**Task to carry out**
Your answer should hold exactly the lines below from the line with "- Shi, S.; Wang, N.;" through the line with "Да, блин, можете", both included, and no pictures at all.

**Extracted material**

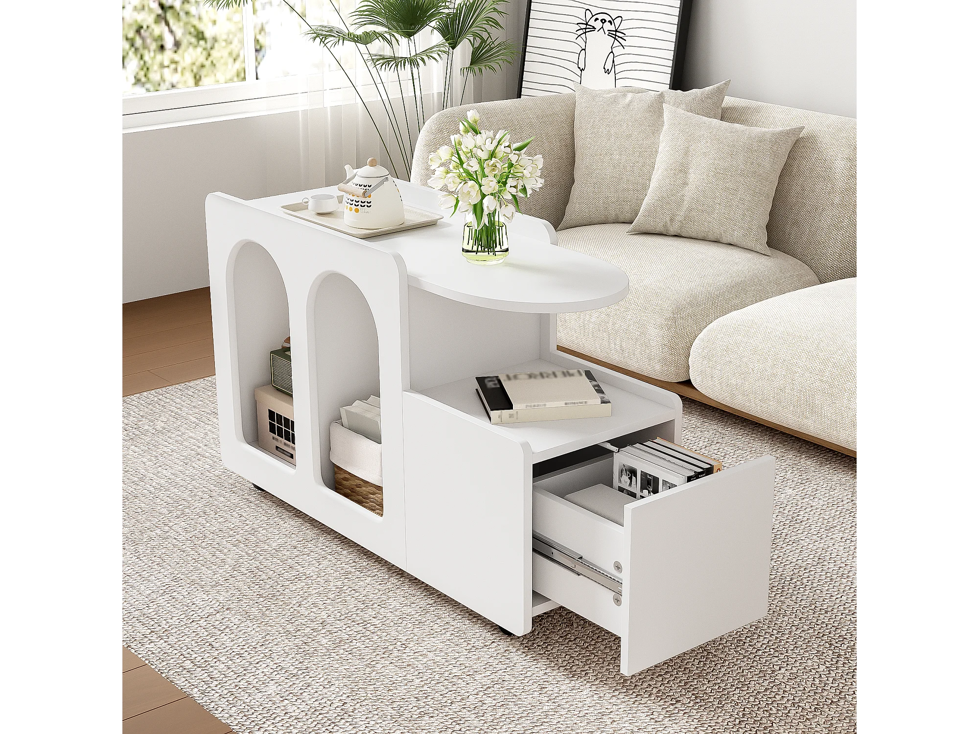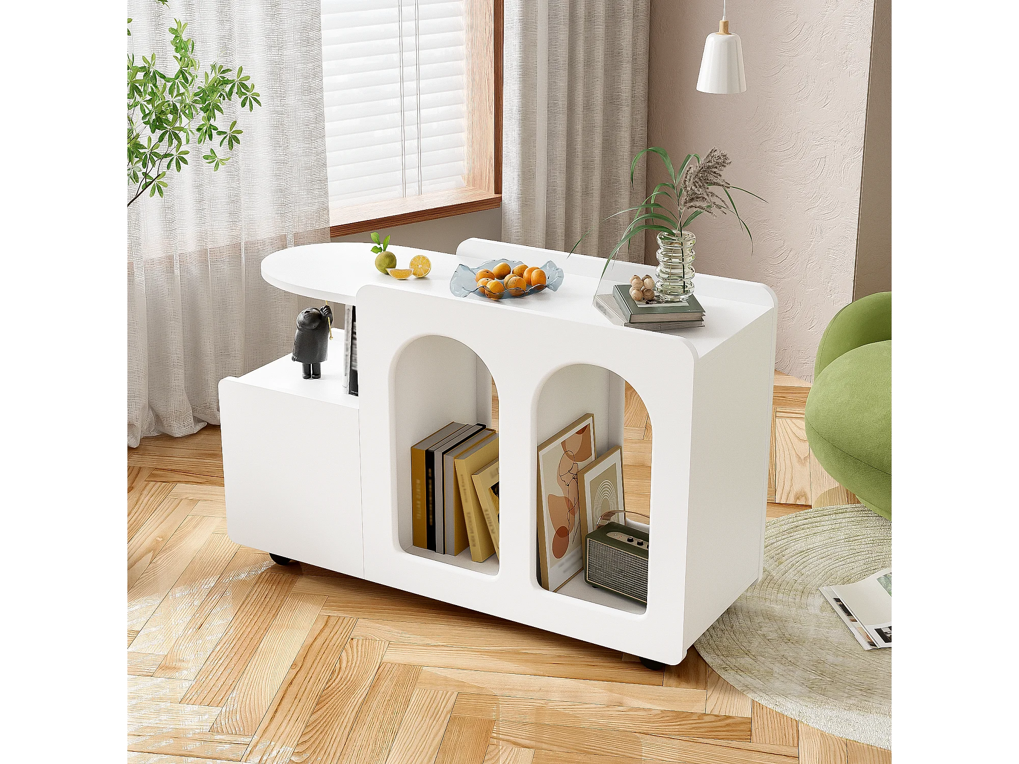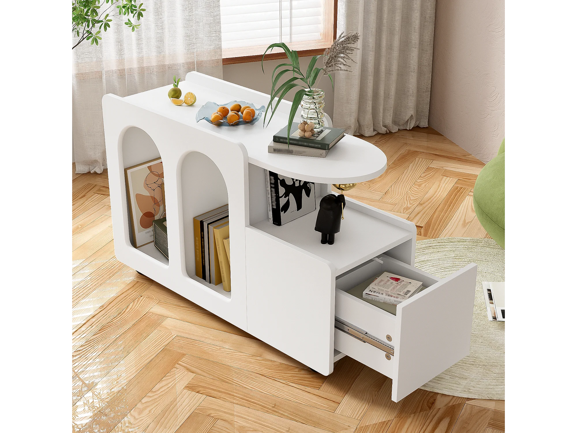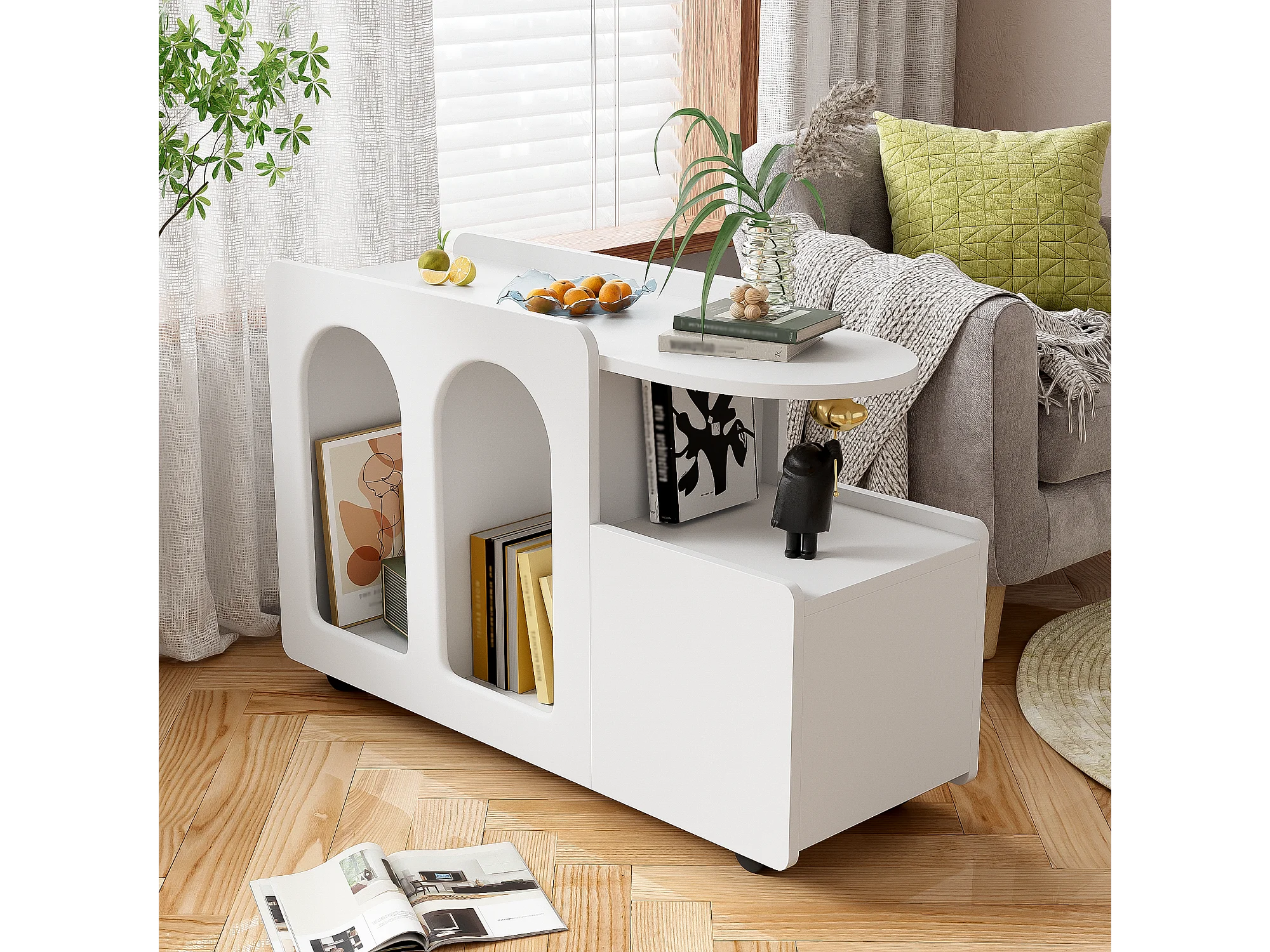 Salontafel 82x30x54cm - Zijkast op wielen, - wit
==
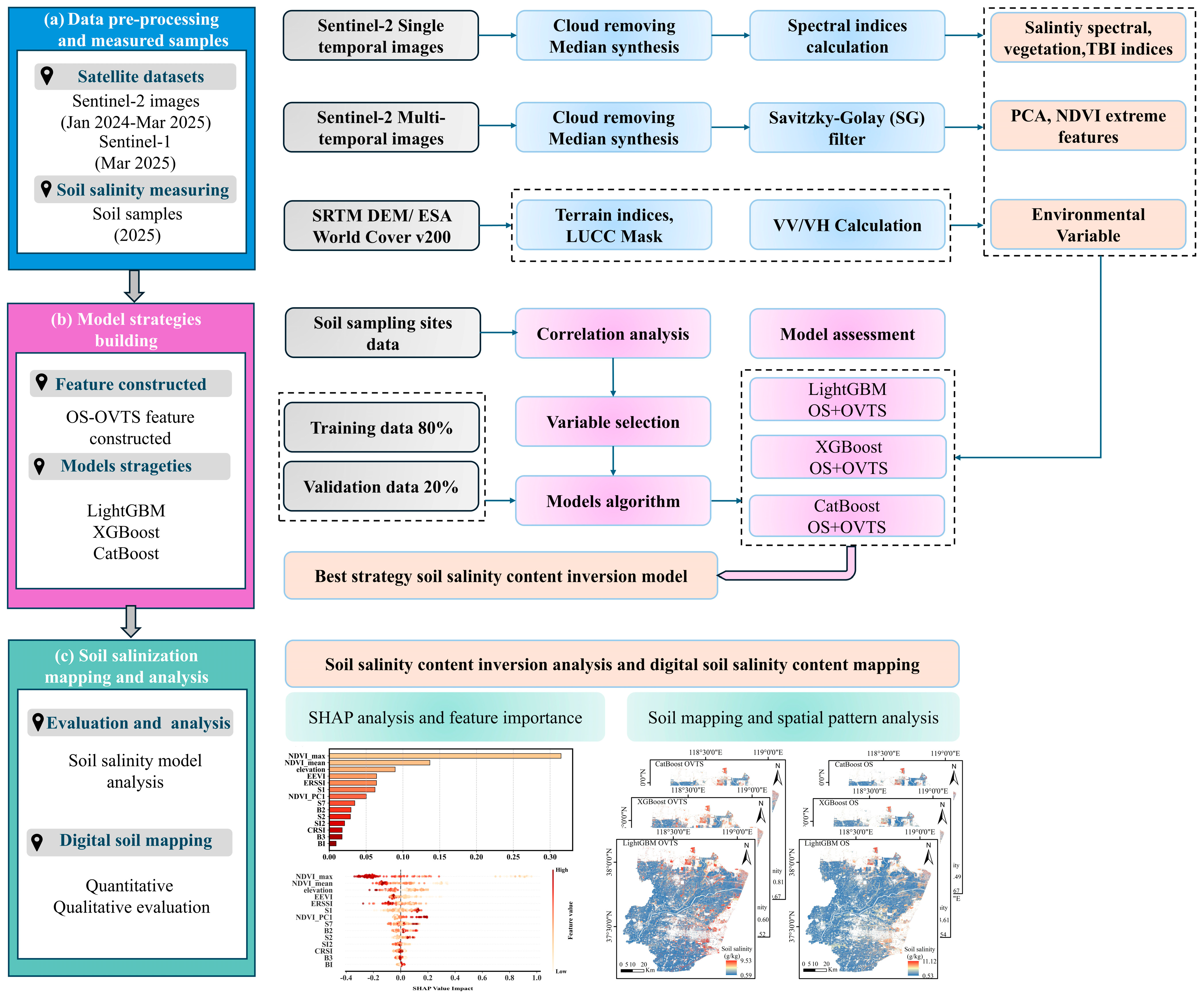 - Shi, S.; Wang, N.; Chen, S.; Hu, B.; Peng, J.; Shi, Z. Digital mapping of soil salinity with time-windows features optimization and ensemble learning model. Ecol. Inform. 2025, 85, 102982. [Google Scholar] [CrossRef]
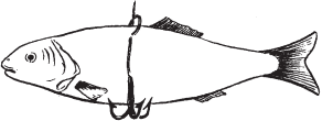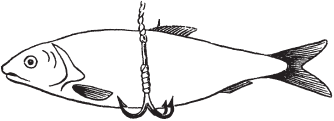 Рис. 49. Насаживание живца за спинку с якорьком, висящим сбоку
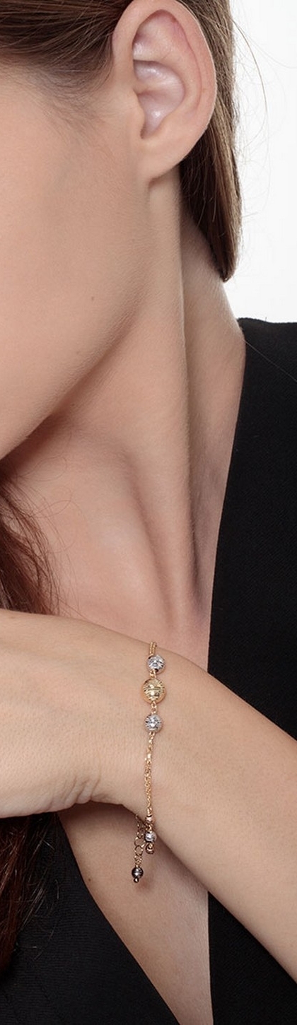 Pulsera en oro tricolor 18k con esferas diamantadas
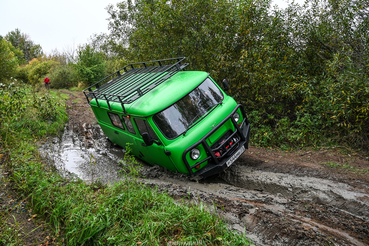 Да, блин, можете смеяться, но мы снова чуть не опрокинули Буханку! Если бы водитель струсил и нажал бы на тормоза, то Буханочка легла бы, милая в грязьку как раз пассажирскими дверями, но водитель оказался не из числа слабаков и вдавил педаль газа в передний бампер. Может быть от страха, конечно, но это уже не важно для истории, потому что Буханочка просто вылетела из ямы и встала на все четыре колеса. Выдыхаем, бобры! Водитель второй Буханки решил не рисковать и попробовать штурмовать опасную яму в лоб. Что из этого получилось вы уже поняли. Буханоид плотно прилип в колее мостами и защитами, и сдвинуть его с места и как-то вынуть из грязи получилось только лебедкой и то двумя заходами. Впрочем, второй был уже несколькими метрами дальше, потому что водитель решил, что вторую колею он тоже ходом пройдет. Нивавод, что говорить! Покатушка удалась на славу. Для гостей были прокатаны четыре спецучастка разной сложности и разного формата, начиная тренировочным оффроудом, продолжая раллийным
--
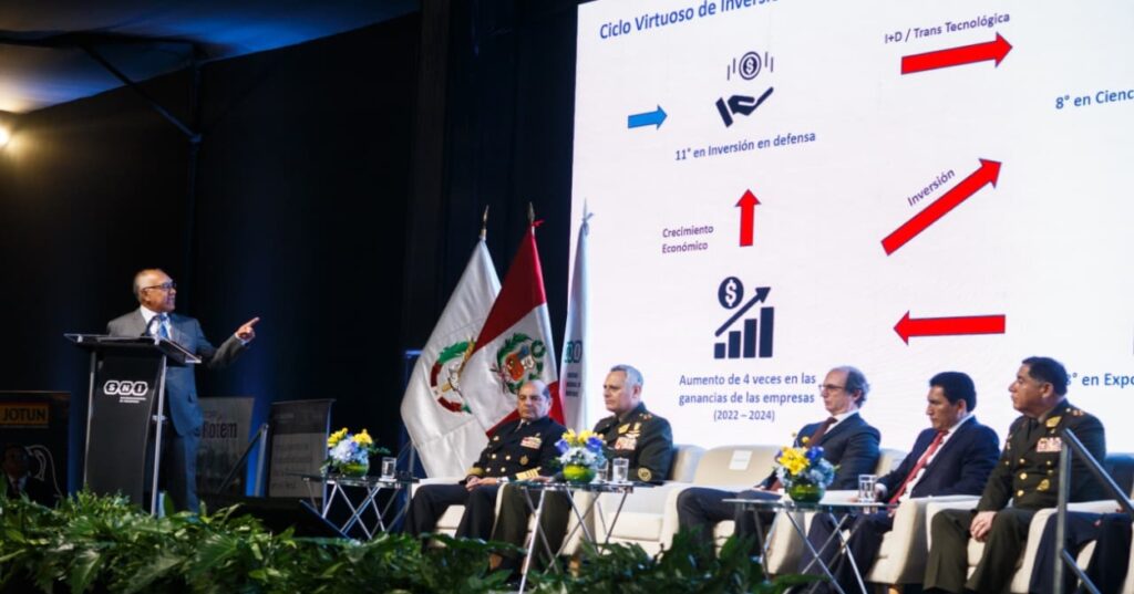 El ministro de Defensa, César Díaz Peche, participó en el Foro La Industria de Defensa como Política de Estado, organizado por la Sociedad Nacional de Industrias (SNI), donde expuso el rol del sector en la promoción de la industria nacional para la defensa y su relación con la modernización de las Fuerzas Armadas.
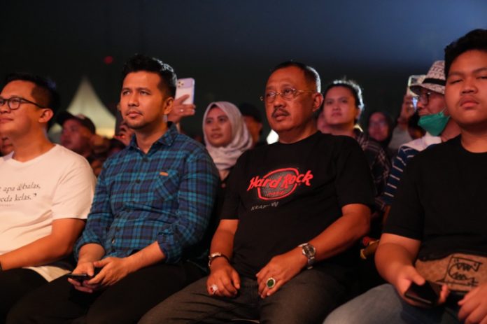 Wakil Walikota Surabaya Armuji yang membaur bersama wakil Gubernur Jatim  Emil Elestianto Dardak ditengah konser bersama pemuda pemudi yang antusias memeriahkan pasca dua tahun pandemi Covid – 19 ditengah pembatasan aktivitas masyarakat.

**Written answer**
 - Shi, S.; Wang, N.; Chen, S.; Hu, B.; Peng, J.; Shi, Z. Digital mapping of soil salinity with time-windows features optimization and ensemble learning model. Ecol. Inform. 2025, 85, 102982. [Google Scholar] [CrossRef]
 Рис. 49. Насаживание живца за спинку с якорьком, висящим сбоку
 Pulsera en oro tricolor 18k con esferas diamantadas
 Да, блин, можете смеяться, но мы снова чуть не опрокинули Буханку! Если бы водитель струсил и нажал бы на тормоза, то Буханочка легла бы, милая в грязьку как раз пассажирскими дверями, но водитель оказался не из числа слабаков и вдавил педаль газа в передний бампер. Может быть от страха, конечно, но это уже не важно для истории, потому что Буханочка просто вылетела из ямы и встала на все четыре колеса. Выдыхаем, бобры! Водитель второй Буханки решил не рисковать и попробовать штурмовать опасную яму в лоб. Что из этого получилось вы уже поняли. Буханоид плотно прилип в колее мостами и защитами, и сдвинуть его с места и как-то вынуть из грязи получилось только лебедкой и то двумя заходами. Впрочем, второй был уже несколькими метрами дальше, потому что водитель решил, что вторую колею он тоже ходом пройдет. Нивавод, что говорить! Покатушка удалась на славу. Для гостей были прокатаны четыре спецучастка разной сложности и разного формата, начиная тренировочным оффроудом, продолжая раллийным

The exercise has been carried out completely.